For farmers to earn a living, information on market prices is critical. In Machakos district, farmers are reaping the fruits of technological diffusion. From their Farmers Knowledge Centre, they are able to learn farming methods and crop protection techniques from the internet. In addition, through cell phones handed to farmer groups by Safaricom, they are able to inquire market prices hence knowing where to buy or sell their produce. In Uganda, this information gap is being bridged by Information Technology for African Rural Development (ICTARD). 

“There has definitely been an increase in access to agricultural information provided by Uganda National Farmers Federation (UNFFE), as well as telephone-based market services,” says Hellen Karamagi, Farmers Information Communication Management (FICOM) Programme Coordinator. 

Agriculture is the most important sector in terms of developing initiatives for increased efficiency and growth in the Zambian economy. While it accounts for 21.7% of the GDP, it engages approximately 85% of the work force. The vast majority of farmers rely on rainfall to water their crops. When this is not the case, they water their crops manually. The process is often very labor intensive as water is drawn from shallow wells using a rope and bucket. Irrigation is set up informally by individual farmers with very little capital. The process is often spontaneous and unsystematic due to lack of knowledge and access to available technologies.  
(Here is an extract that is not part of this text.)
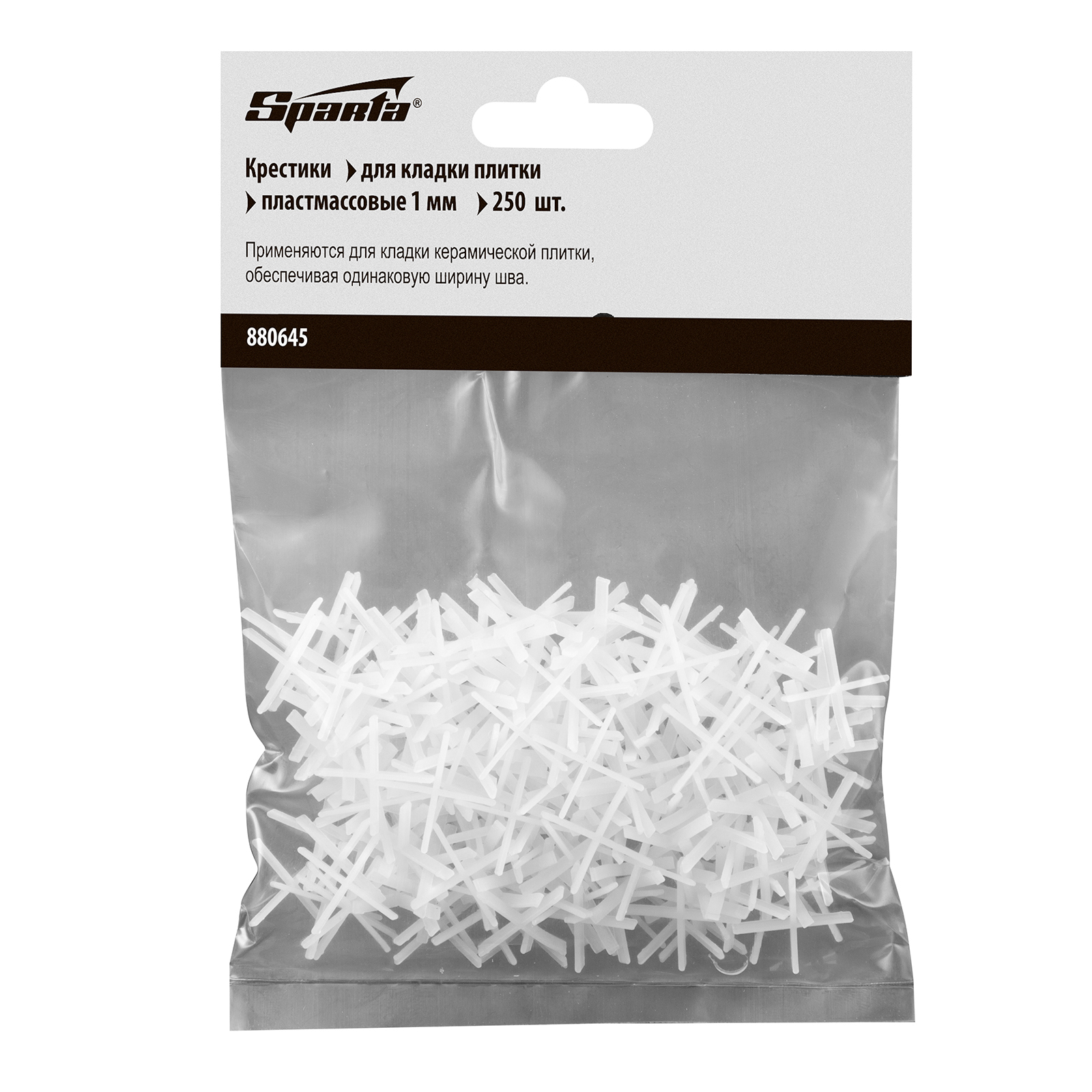 Крестики для кладки плитки Sparta 880645 толщиной 1,0 мм, 250 шт. в упаковке, позволяют добиться одинакового межплиточного расстояния в ходе облицовочных работ. Облегчают укладку плиточного покрытия и обеспечивают ему эстетичный внешний вид.

One viable option to increase productivity in a cheap but highly effective manner is the implementation of the treadle pump. This pump has already been implemented in several areas in Africa including Zambia itself to great effect. It is relatively inexpensive and offers large returns on the initial investment for farmers. It costs approximately 75 percent less than commercial pumps of comparable flow rate capacity. Using it, farmers in Senegal were able to reduce the cost per cubic meter of water for irrigation by 50 percent. The pump can be manufactured using local materials, in local metal shops. The technology has made it possible to reduce irrigation time from 12 to 4 person hours/day, while allowing farmers to increase their plot size by about 40 percent. 

Recognizing science and technology "is a golden opportunity for establishing a knowledge-based African society," says Hassan Abdel Aal Moawad, a professor of microbial biotechnology at Cairo's National Research Centre in Egypt Moawad, and former president of Alexandria's Mubarak City for Scientific Research and Technology Applications.